You are viewing a plain text version of this content. The canonical link for it is here.

Posted to issues@hbase.apache.org by "stack (JIRA)" <ji...@apache.org> on 2010/11/18 20:44:13 UTC

[jira] Created: (HBASE-3247) Changes API: API for pulling edits from HBase

Changes API: API for pulling edits from HBase
---------------------------------------------

                 Key: HBASE-3247
                 URL: https://issues.apache.org/jira/browse/HBASE-3247
             Project: HBase
          Issue Type: Task
            Reporter: stack


Talking to Shay from Elastic Search, he was asking where the Changes API is in HBase.  Talking more -- there was a bit of beer involved so apologize up front -- he wants to be able to bootstrap an index and thereafter ask HBase for changes since time t.  We thought he could tie into the replication stream, but rather he wants to be able to pull rather than have it pushed to him (in case he crashes, etc. so on recovery he can start pulling again from last good edit received).  He could do the bootstrap with a Scan.  Thereafter, requests to pull from hbase would pass a marker of some  sort.  HBase would then give out edits that came in after this marker, in batches, along with an updated marker.


-- 
This message is automatically generated by JIRA.
-
You can reply to this email to add a comment to the issue online.

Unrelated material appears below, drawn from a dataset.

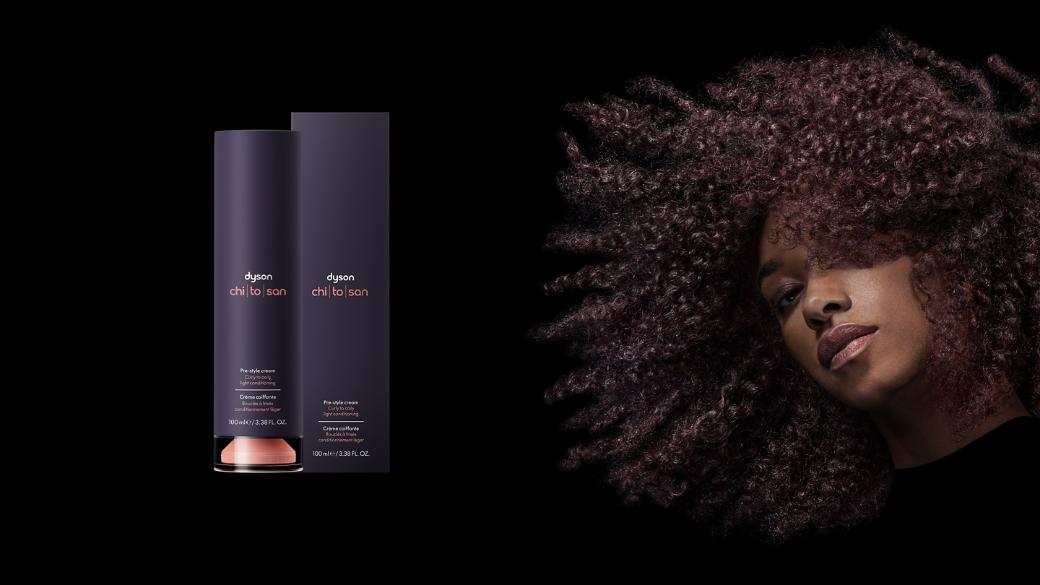 طُوِّر كريم ما قبل التصفيف ™Dyson Chitosan للترطيب الخفيف للشعر المجعّد إلى الملفوف من أجل الشعر الذي يتميّز بتجاعيد حلزونية وتجعيدات صغيرة أو لولبية أكثر إحكاماً أو تجعيدات على شكل حرف S أو أنماط على شكل حرف Z ذات لفائف متقاربة. يتميّز بتركيبة أخف من المكونات المُرطِّبة، تشتمل على زيوت بذور العنب والأرغان، تعد الأنسب للخصلات الأرفع التي يثقل وزنها بسهولة بسبب المستحضر.

[jira] Commented: (HBASE-3247) Changes API: API for pulling edits from HBase

Posted by "Jonathan Gray (JIRA)" <ji...@apache.org>.

    [ https://issues.apache.org/jira/browse/HBASE-3247?page=com.atlassian.jira.plugin.system.issuetabpanels:comment-tabpanel&focusedCommentId=12935574#action_12935574 ] 

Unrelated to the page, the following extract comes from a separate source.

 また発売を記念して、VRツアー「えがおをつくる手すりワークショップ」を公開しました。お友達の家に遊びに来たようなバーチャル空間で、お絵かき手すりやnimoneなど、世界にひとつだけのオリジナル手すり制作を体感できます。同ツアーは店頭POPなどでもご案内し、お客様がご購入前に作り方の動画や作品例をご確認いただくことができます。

Jonathan Gray commented on HBASE-3247:
--------------------------------------

Scanning requires you to look at all the data (or at least, more than just the data you need).  I think that would prove far to inefficient for something like keeping a search index up to date which you expect to be as "realtime" as possible.

This is about only needing to see the deltas.

> Changes API: API for pulling edits from HBase
> ---------------------------------------------
>
>                 Key: HBASE-3247
>                 URL: https://issues.apache.org/jira/browse/HBASE-3247
>             Project: HBase
>          Issue Type: Task
>            Reporter: stack
>
> Talking to Shay from Elastic Search, he was asking where the Changes API is in HBase.  Talking more -- there was a bit of beer involved so apologize up front -- he wants to be able to bootstrap an index and thereafter ask HBase for changes since time t.  We thought he could tie into the replication stream, but rather he wants to be able to pull rather than have it pushed to him (in case he crashes, etc. so on recovery he can start pulling again from last good edit received).  He could do the bootstrap with a Scan.  Thereafter, requests to pull from hbase would pass a marker of some  sort.  HBase would then give out edits that came in after this marker, in batches, along with an updated marker.

-- 
This message is automatically generated by JIRA.
-
You can reply to this email to add a comment to the issue online.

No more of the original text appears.